9 Upper Crescent, Belfast, Co Antrim, BT7 1NT
- WRENN ID
- fallow-flint-moon
- Grade
- B+
- Local Planning Authority
- Belfast
- Country
- Northern Ireland
- Date first listed
- 27 September 1979
- Source
- NI Environment Agency listing
Description
9 Upper Crescent is a relatively large and fine three-storey rendered town house built in 1846, one of a regency-style crescent of ten similar but not identical properties. It has since been converted to offices and flats.
Upper Crescent is set to the east of University Road and faces, across a small public park, Lower Crescent — a similarly styled development of 1852 which, unlike its counterpart, is arranged as a straight terrace rather than a crescent. Number 9 is one of the plainer buildings in the group.

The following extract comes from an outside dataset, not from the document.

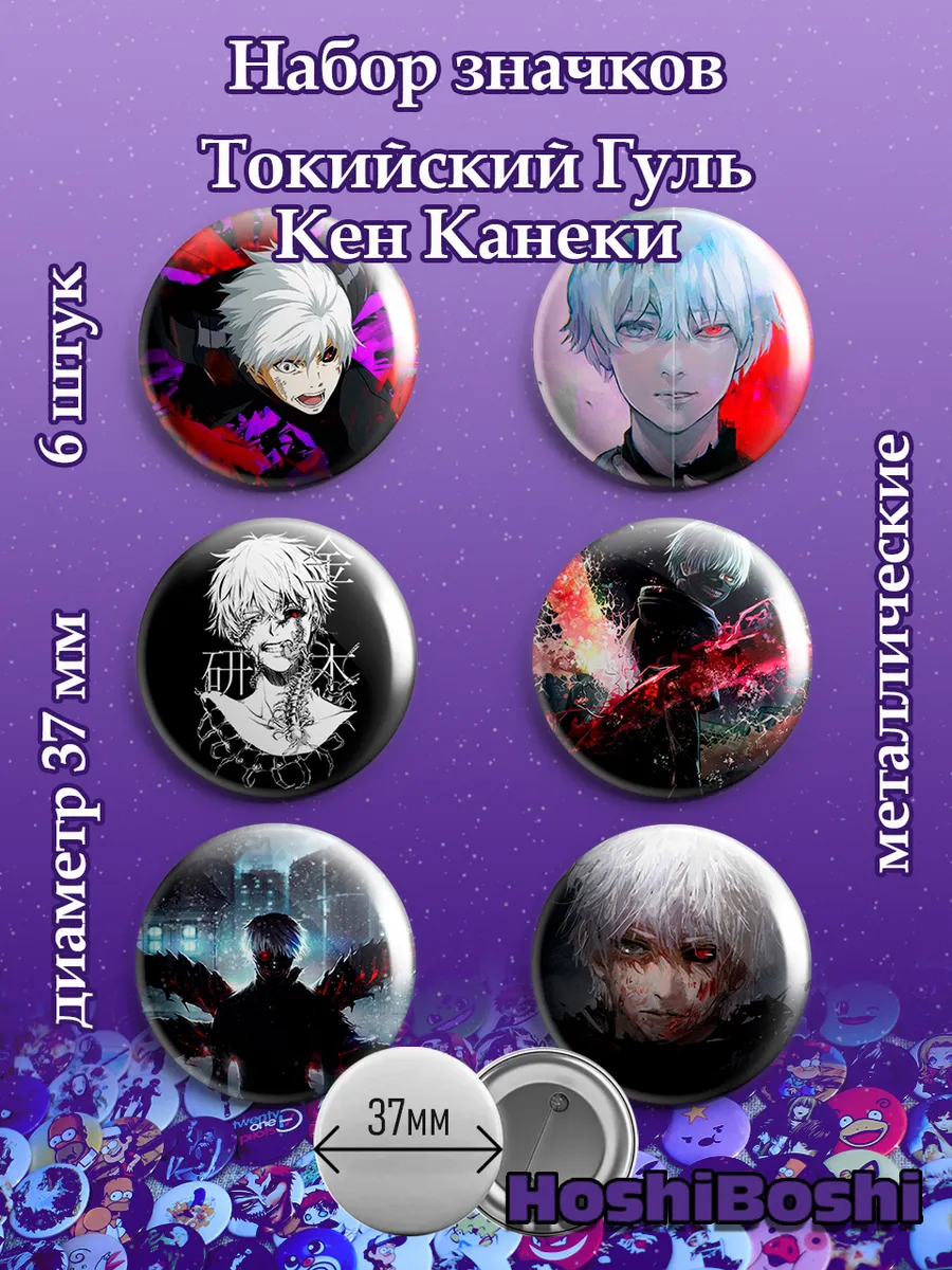 Набор из 6 металлических значков с изображениями из аниме Токийский гуль ( Tokyo Ghoul ).

The front elevation is asymmetrical and faces roughly south. To the right on the ground floor is the entrance, consisting of a four-panel timber door with a rectangular fanlight; the upper panels of the door have semicircular heads. The door is framed with a simple architrave. To the left of the doorway are two tall sash windows with Georgian panes (6/6). On the first floor are two larger windows set on a sill course, with sash frames in regency-style horizontally orientated panes (4/8). On the second floor are two much smaller windows with Georgian-paned sash frames (3/6), resting on a more pronounced, cornice-like sill course. The ground floor is finished in rusticated render, with the upper floors in plain render. Above first-floor window height — and below the second-floor sill course — there is a broad plain course with a thin moulded string course running across it. Above the second-floor windows is a further plain course, above which sits a parapet with plain stone coping.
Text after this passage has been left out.